The holder of this Revolving Note, at its option, may make extensions of time for payment of the indebtedness evidenced by this Revolving Note, or approve reductions of the payments thereon, release of any collateral securing payment of such indebtedness or accept a renewal Revolving Note or Revolving Notes therefore, all without notice to Company or any endorser(s), and Company and all endorsers hereby severally consent to any such extensions, reductions, releases and renewals, all without notice, and agree that any such action shall not release or discharge any of them from any liability hereunder. Company and endorser(s), jointly and severally, waive demand, presentment for payment, protest, notice of protest and notice of nonpayment or dishonor of this Revolving Note and each of them consents to all extensions of the time of payment thereof.

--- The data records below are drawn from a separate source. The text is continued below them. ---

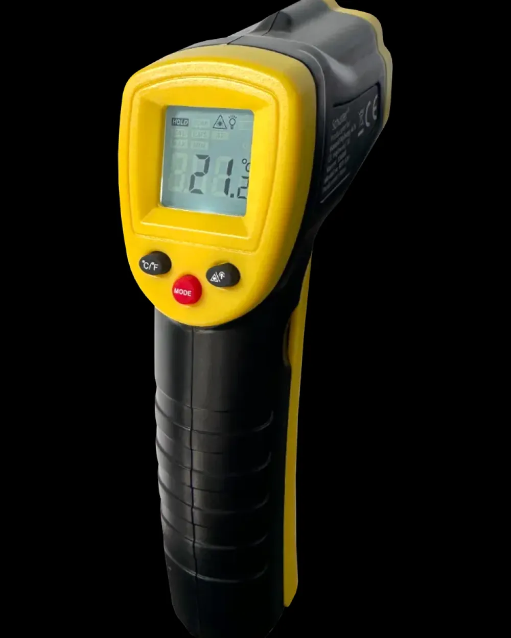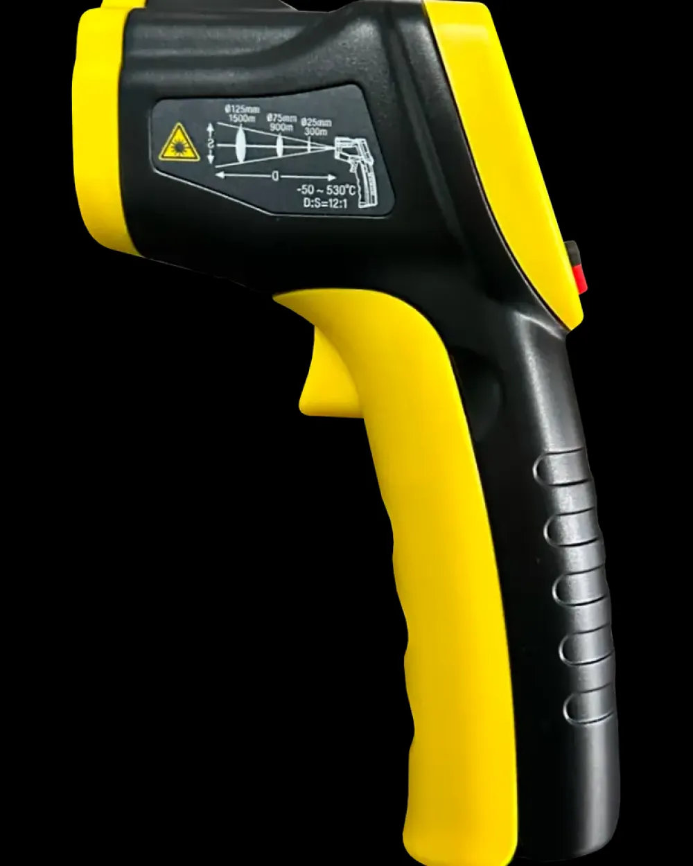 Måler hurtigt og præcist temperaturen på forskellige overflader som f.eks. ydervægge, døre og vinduer for at kontrollere, om der er kuldebroer. Kan også anvendes til madvarer, vandrør, varmerør, kogeplader, pizzaovne m.m.Termometeret anvender infrarød teknologi, som giver et sikkert resultat. Temperaturen vises tydeligt på en LCD-skærm, der gør aflæsning enkel og hurtig.Måleområde: -50 °C til 530 °CStore tal for let aflæsningGentagelsesnøjagtighed: 1 % eller 1 °CAfstand spot ratio: 12:1Emissivitet: 0,95 fast indstillingOpløsning: 0,1 °CLaserpointer med ON/OFF funktionAutosluk for batteribesparelse
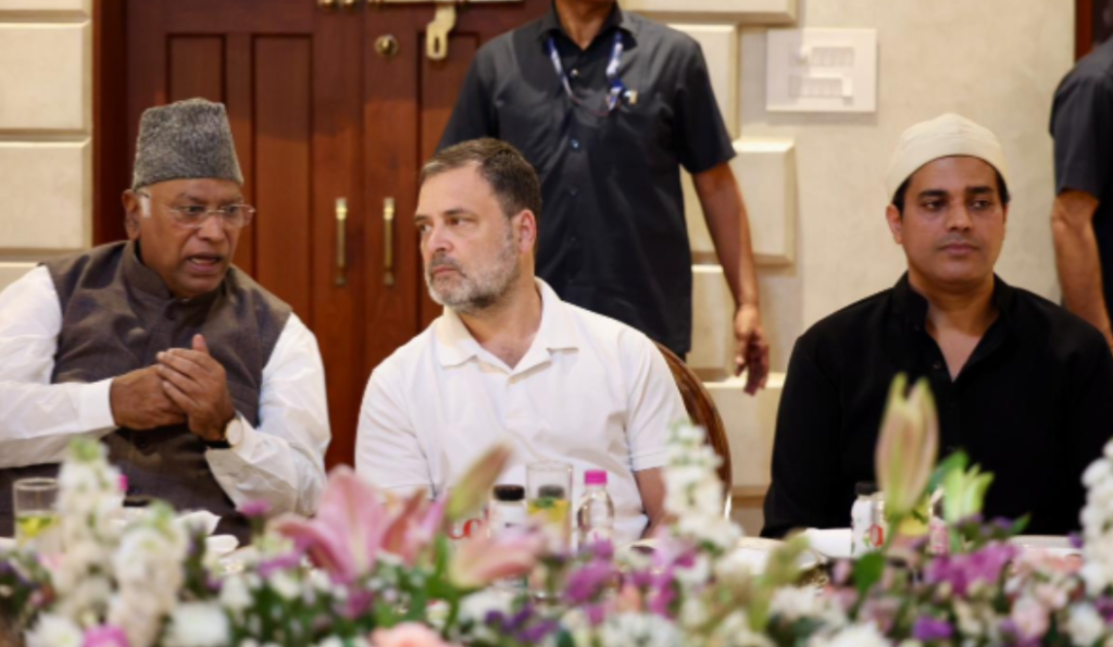 लोकसभा में विपक्ष के नेता Rahul Gandhi, कांग्रेस अध्यक्ष Mallikarjun Kharge और कांग्रेस अल्पसंख्यक विभाग के अध्यक्ष Imran Pratapgarhi नई दिल्ली में आयोजित एक इफ्तार पार्टी में शामिल हुए। यह इफ्तार
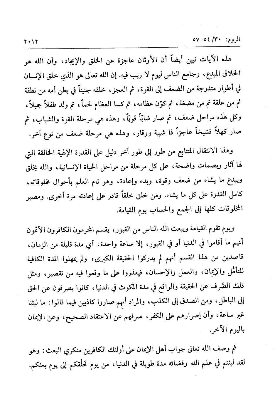 هذه الآيات تبين أيضا أن الأوثان عاجزة عن الخلق والإيجاد، وأن الله هو الخلاق المبدع، وجامع الناس ليوم لا ريب فيه. إن الله تعالى هو الذي خلق الإنسان في أطوار متدرجة من الضعف إلى القوة، ثم العجز، خلقه جنينا في بطن أمه من نطفة ثم من علقة ثم من مضغة، ثم كوّن عظامه، ثم كسا العظام لحما، ثم ولد طفلا جميلا، وكل هذه مراحل ضعف، ثم صار شابّا قويّا، وهذه هي مرحلة القوة والشباب، ثم صار كهلا فشيخا عاجزا ذا شيبة ووقار، وهذه هي مرحلة ضعف من نوع آخر.
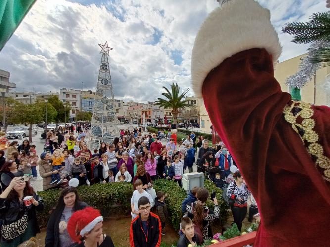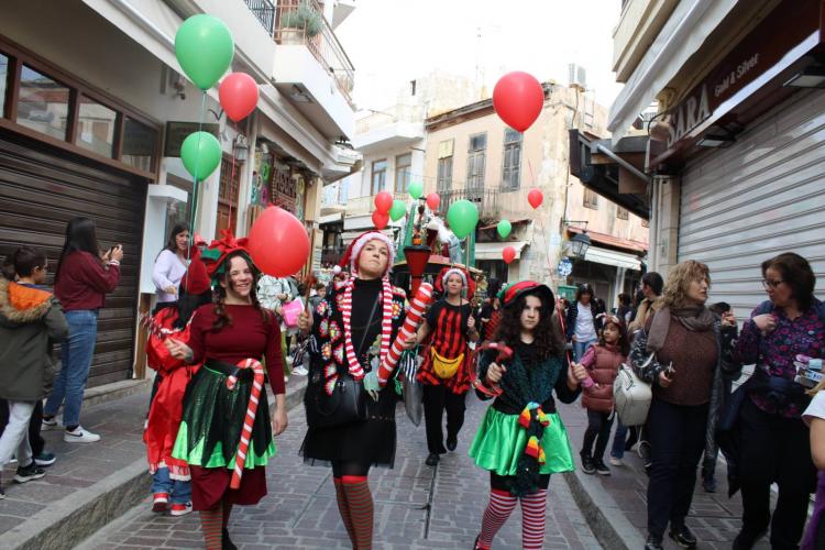 Ο Άγιος Βασίλης ανεβασμένος στο υπερυψωμένο, ειδικά διαμορφωμένο άρμα μοίρασε δώρα (προσφορά του συλλόγου) σε περαστικούς, μαγαζιά και κυρίως στους μικρούς και μεγάλους φίλους του που τον ακολουθούσαν σε όλη τη διαδρομή. Παρέα του τα ξωτικά, τα οποία προπορεύονταν και καλούσαν τον κόσμο σε μια ξεχωριστή γιορτή!

The principal amount of this Revolving Note outstanding from time to time shall be determined by reference to the books and records of FHI on which shall be recorded each Advance under the Revolving Loan evidenced by this Revolving Note, and all payments by Company on account of such Revolving Loan. Such books and records shall be deemed prima facie to be correct on such matters.
This Revolving Note is made under and will be governed in all cases by the substantive laws of the State of Ohio, notwithstanding the fact that Ohio conflicts of laws rules might otherwise require the substantive rules of law of another jurisdiction to apply.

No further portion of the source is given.